#### [PROBLEM DETAILS]
The lines to retype run from the one containing "nails, steel bar." through the end of the listing below. Reproduce them exactly, leaving out pictures.

——————

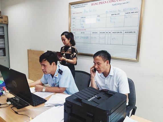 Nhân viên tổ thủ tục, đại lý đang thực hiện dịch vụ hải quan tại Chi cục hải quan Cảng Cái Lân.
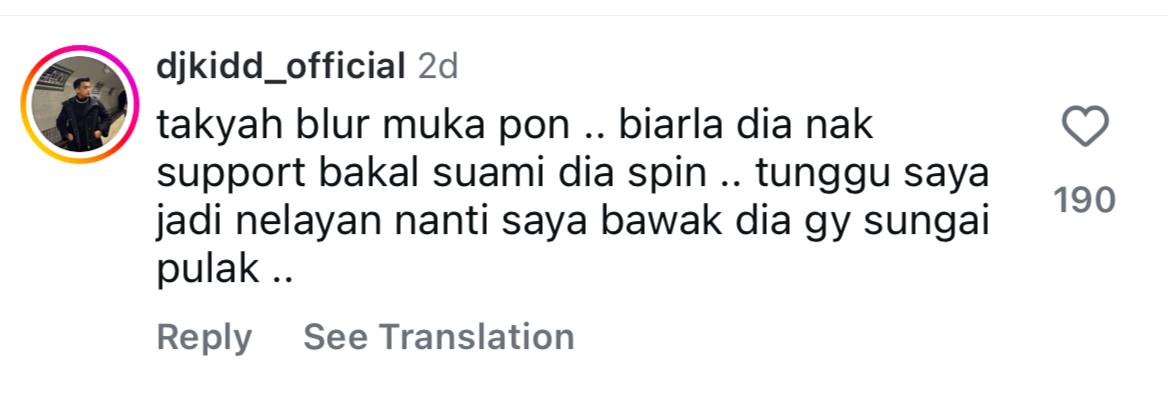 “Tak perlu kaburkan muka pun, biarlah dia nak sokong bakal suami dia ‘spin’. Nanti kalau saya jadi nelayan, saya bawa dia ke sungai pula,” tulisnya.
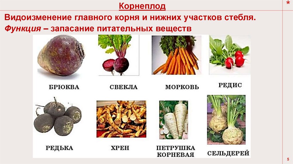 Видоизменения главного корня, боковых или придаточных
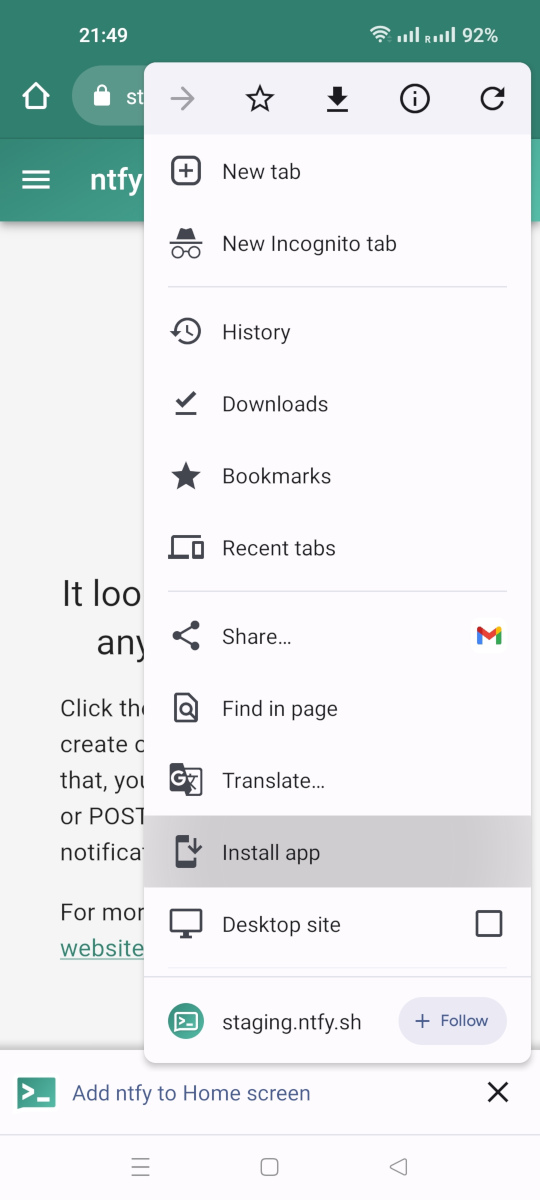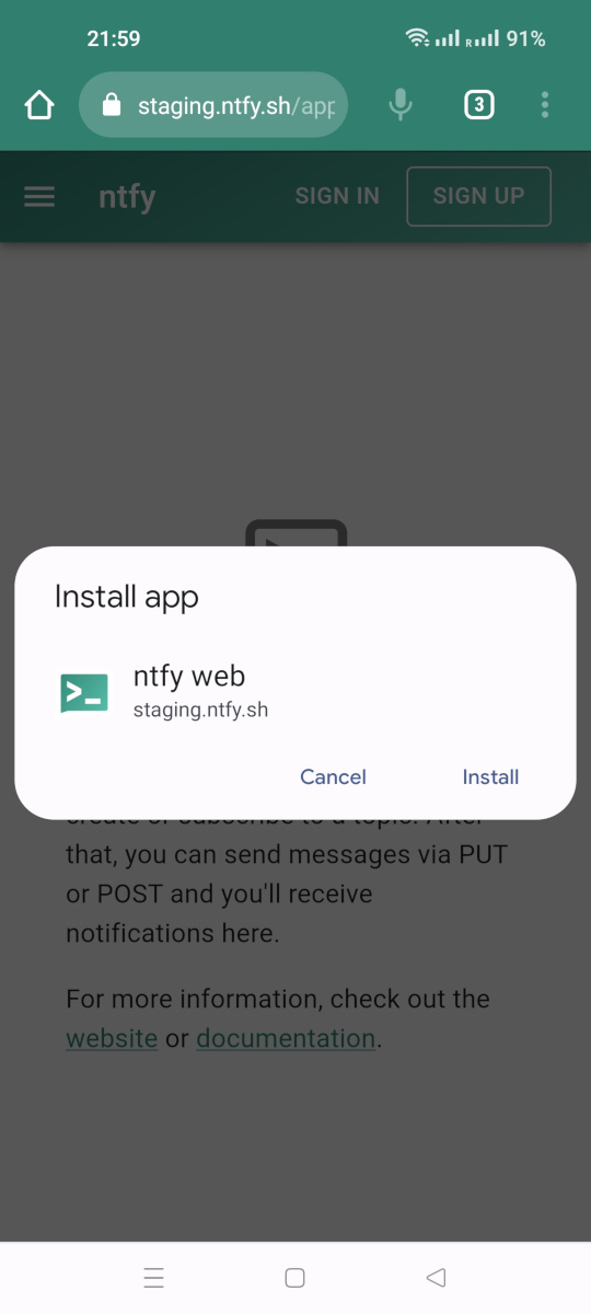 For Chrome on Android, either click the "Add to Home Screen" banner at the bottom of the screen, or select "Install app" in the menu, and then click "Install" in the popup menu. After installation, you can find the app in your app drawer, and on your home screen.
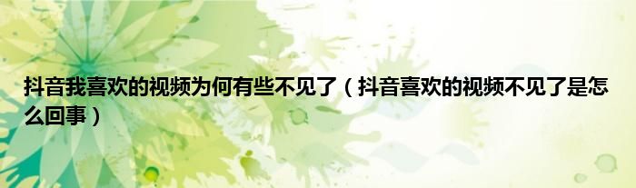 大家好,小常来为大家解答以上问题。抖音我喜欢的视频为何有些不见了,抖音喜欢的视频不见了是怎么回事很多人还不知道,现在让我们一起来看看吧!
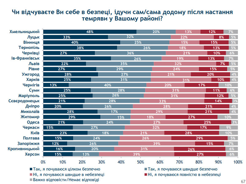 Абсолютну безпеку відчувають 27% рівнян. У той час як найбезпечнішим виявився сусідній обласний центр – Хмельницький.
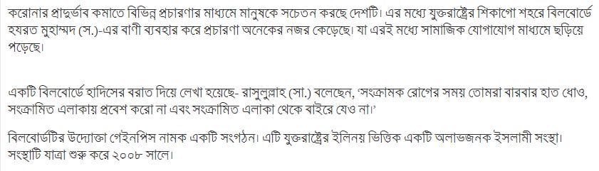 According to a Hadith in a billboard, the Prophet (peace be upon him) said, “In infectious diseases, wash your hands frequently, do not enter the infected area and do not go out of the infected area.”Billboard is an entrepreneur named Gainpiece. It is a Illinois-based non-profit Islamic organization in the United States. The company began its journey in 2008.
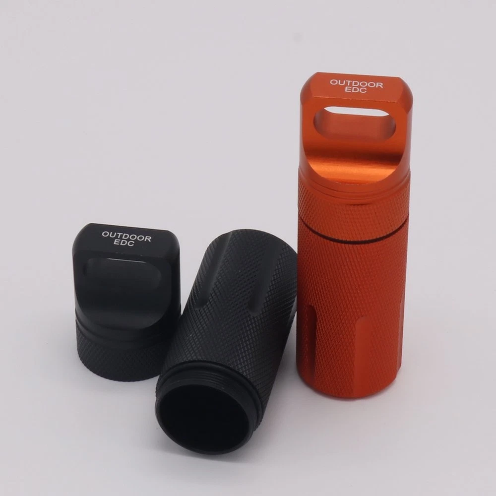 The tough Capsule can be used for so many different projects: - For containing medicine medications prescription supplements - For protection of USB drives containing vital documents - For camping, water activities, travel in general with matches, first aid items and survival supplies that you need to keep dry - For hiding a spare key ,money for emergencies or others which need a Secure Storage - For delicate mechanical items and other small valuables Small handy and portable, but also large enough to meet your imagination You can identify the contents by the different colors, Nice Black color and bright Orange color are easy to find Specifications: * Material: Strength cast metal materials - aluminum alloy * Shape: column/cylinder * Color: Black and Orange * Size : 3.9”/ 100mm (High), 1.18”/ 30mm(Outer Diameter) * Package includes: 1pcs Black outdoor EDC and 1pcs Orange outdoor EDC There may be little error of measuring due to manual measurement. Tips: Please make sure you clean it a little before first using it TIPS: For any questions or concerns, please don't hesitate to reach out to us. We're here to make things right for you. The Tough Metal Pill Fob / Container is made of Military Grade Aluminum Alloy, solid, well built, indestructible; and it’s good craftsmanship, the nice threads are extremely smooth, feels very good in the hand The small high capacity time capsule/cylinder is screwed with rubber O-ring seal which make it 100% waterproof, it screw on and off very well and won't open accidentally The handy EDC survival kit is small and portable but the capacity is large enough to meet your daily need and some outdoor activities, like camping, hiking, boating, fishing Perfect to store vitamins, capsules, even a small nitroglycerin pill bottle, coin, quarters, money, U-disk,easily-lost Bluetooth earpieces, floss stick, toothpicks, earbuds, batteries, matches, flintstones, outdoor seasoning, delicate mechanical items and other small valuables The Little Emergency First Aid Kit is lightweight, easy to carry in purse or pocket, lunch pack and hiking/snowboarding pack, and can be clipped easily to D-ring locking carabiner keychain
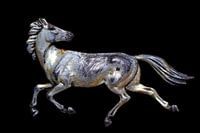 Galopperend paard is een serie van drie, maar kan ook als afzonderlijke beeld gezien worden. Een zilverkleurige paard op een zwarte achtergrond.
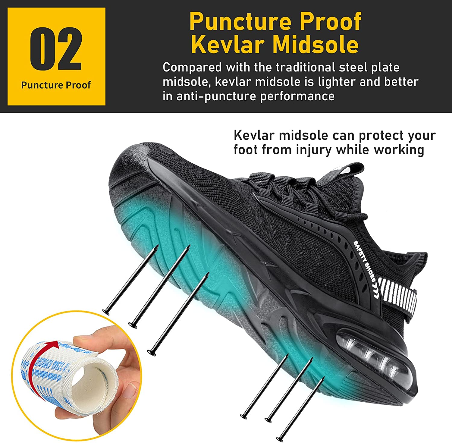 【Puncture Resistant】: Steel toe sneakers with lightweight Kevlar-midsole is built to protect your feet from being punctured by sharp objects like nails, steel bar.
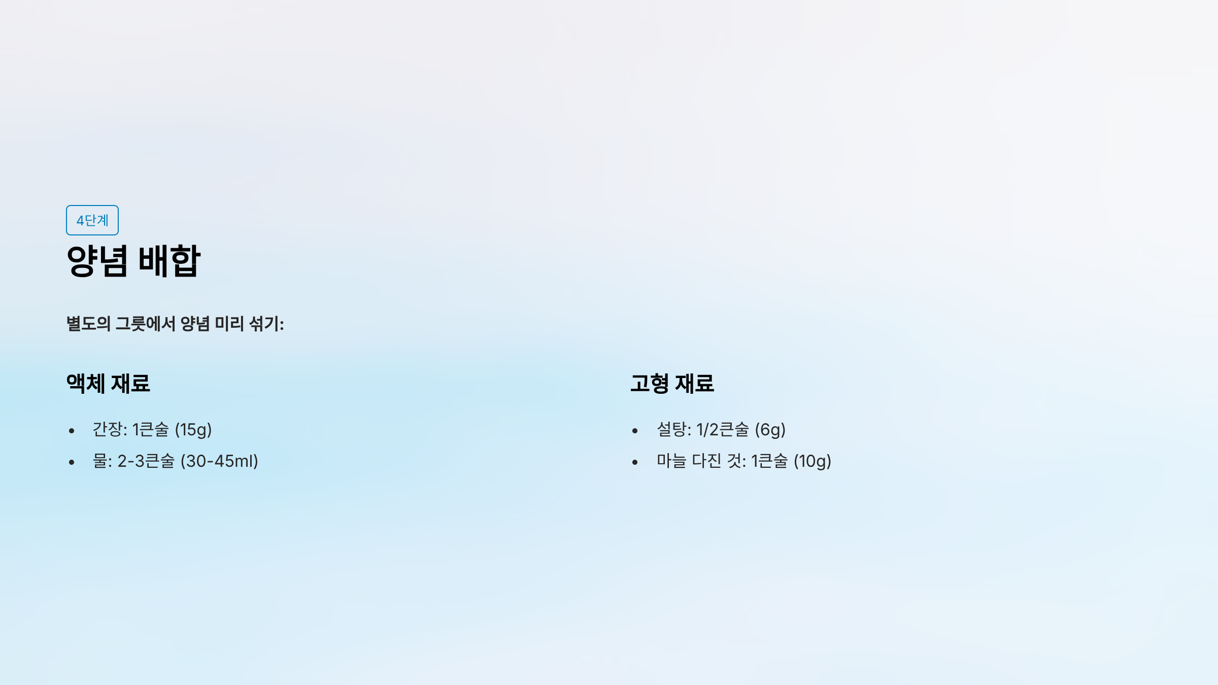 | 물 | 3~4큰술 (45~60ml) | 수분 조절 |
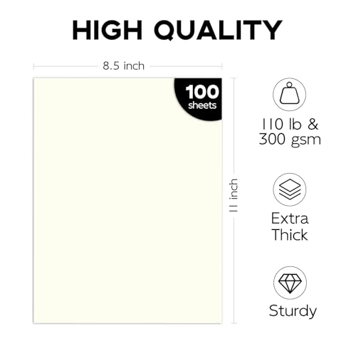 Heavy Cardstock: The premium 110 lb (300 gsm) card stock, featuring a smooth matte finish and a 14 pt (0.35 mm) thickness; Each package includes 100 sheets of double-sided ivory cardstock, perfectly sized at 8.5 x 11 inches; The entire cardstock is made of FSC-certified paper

——————

#### [RESULT OF THE EXERCISE]
 【Puncture Resistant】: Steel toe sneakers with lightweight Kevlar-midsole is built to protect your feet from being punctured by sharp objects like nails, steel bar.
 | 물 | 3~4큰술 (45~60ml) | 수분 조절 |
 Heavy Cardstock: The premium 110 lb (300 gsm) card stock, featuring a smooth matte finish and a 14 pt (0.35 mm) thickness; Each package includes 100 sheets of double-sided ivory cardstock, perfectly sized at 8.5 x 11 inches; The entire cardstock is made of FSC-certified paper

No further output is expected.